* _DATA_:
-- Opening Marker --
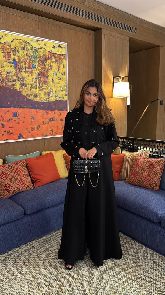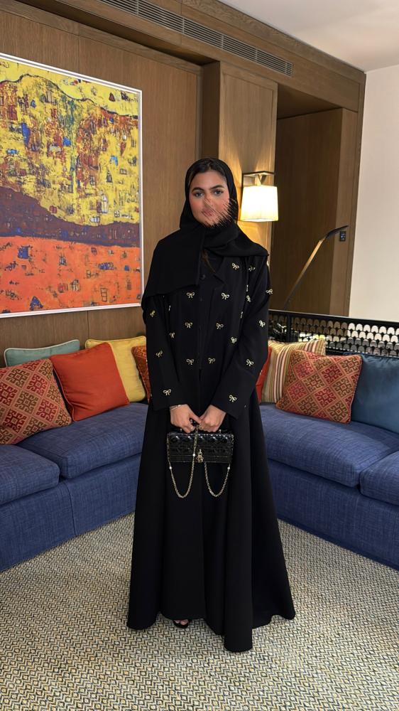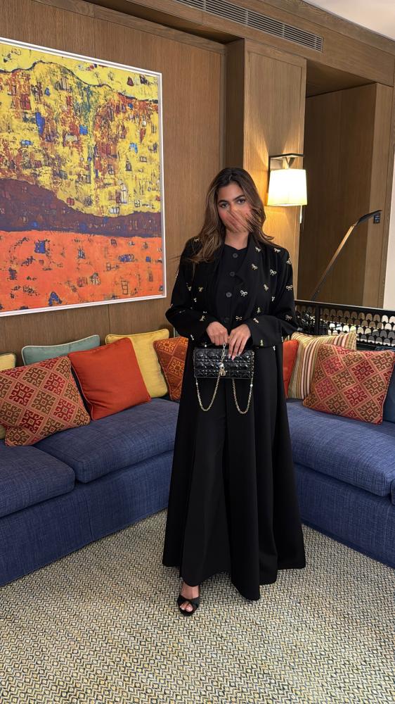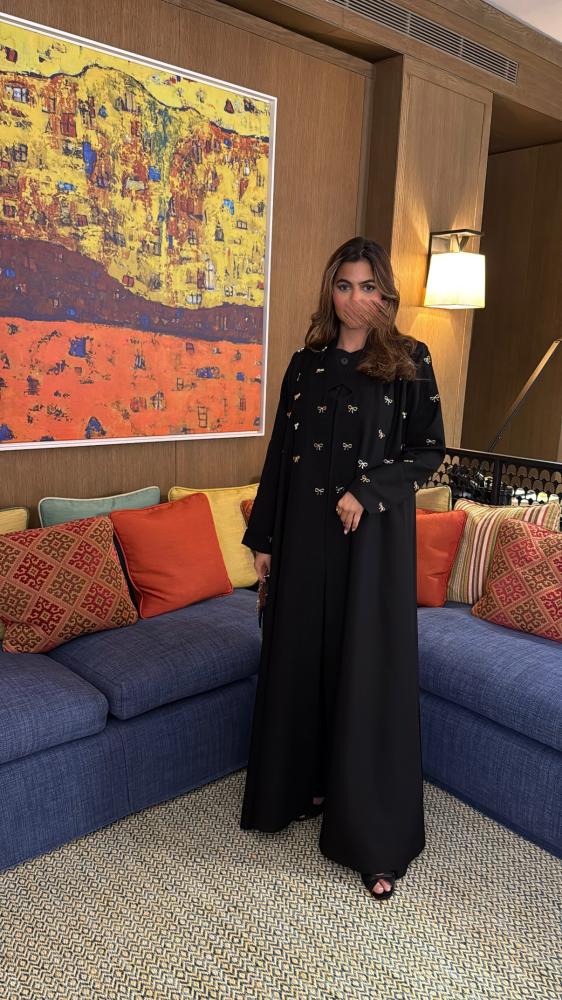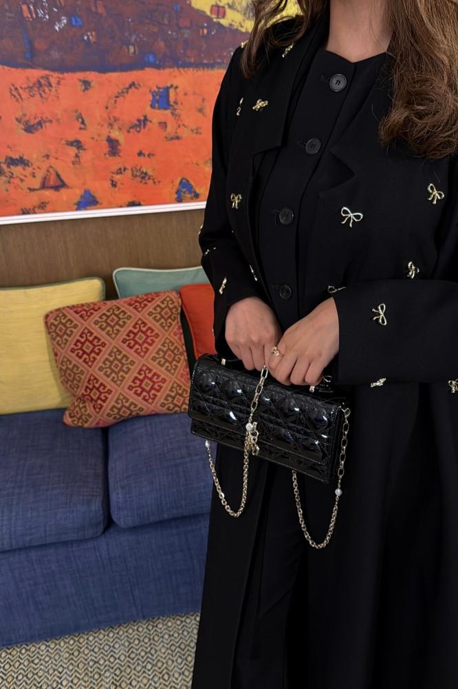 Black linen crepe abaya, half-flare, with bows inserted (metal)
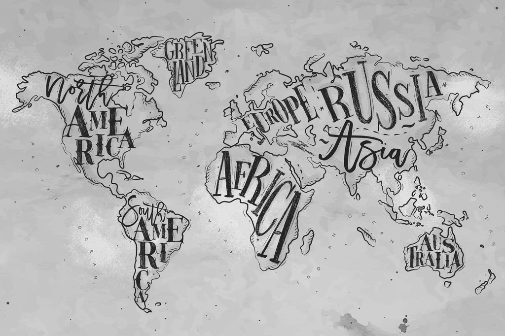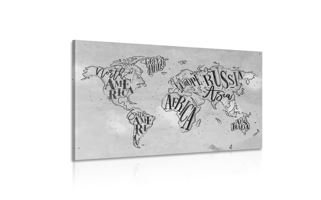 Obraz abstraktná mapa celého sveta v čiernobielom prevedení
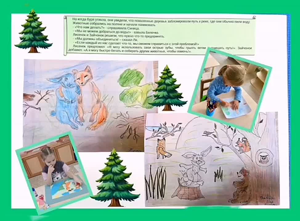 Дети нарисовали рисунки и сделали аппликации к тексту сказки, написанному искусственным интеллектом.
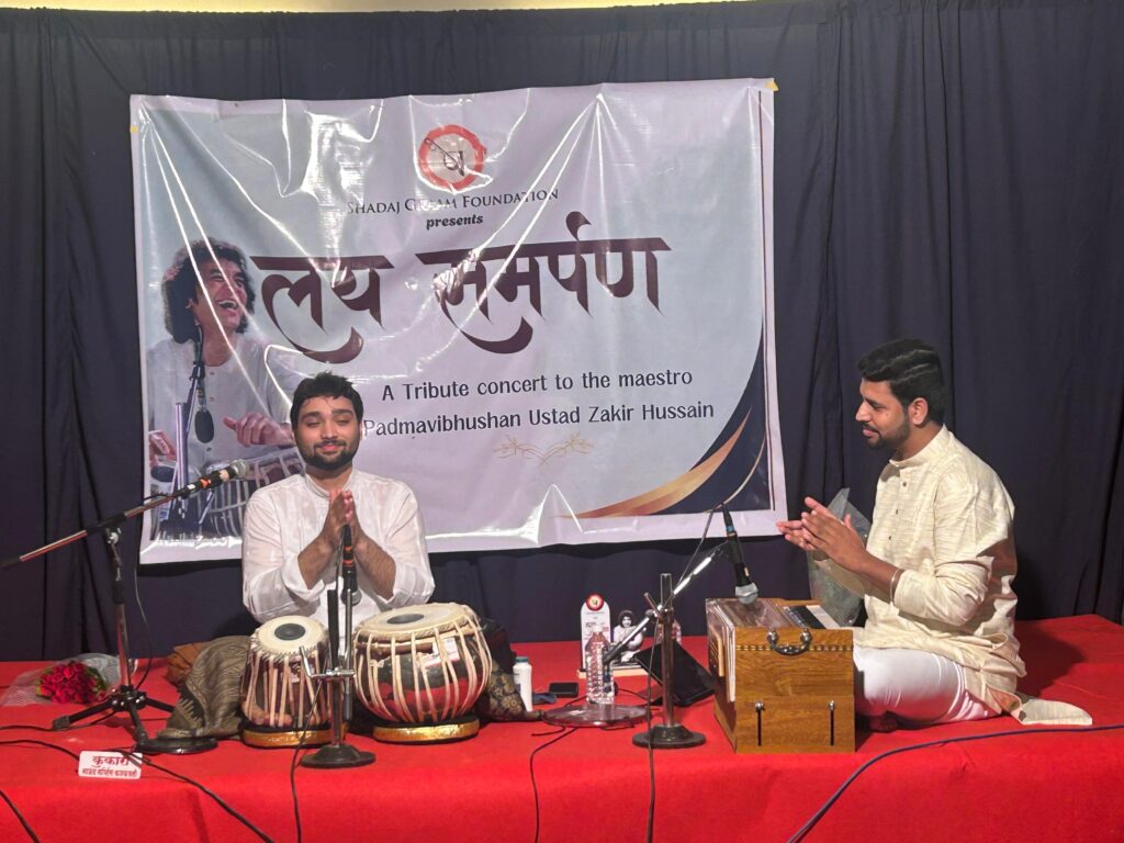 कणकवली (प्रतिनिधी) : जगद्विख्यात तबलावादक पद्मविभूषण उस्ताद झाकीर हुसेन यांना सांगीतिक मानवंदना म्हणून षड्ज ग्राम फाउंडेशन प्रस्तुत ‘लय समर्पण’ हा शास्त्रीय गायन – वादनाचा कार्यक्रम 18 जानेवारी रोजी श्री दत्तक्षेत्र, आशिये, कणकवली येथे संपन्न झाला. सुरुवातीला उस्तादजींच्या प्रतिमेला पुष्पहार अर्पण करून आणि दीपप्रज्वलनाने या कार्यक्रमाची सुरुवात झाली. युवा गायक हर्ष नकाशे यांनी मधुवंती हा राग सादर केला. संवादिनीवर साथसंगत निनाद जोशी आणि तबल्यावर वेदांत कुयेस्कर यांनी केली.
-- Closing Marker --
* _INSTRUCTIONS FOR THE TASK_: Without the pictures, give every line above again exactly.

* _TASK ANSWER_:
 Black linen crepe abaya, half-flare, with bows inserted (metal)
 Obraz abstraktná mapa celého sveta v čiernobielom prevedení
 Дети нарисовали рисунки и сделали аппликации к тексту сказки, написанному искусственным интеллектом.
 कणकवली (प्रतिनिधी) : जगद्विख्यात तबलावादक पद्मविभूषण उस्ताद झाकीर हुसेन यांना सांगीतिक मानवंदना म्हणून षड्ज ग्राम फाउंडेशन प्रस्तुत ‘लय समर्पण’ हा शास्त्रीय गायन – वादनाचा कार्यक्रम 18 जानेवारी रोजी श्री दत्तक्षेत्र, आशिये, कणकवली येथे संपन्न झाला. सुरुवातीला उस्तादजींच्या प्रतिमेला पुष्पहार अर्पण करून आणि दीपप्रज्वलनाने या कार्यक्रमाची सुरुवात झाली. युवा गायक हर्ष नकाशे यांनी मधुवंती हा राग सादर केला. संवादिनीवर साथसंगत निनाद जोशी आणि तबल्यावर वेदांत कुयेस्कर यांनी केली.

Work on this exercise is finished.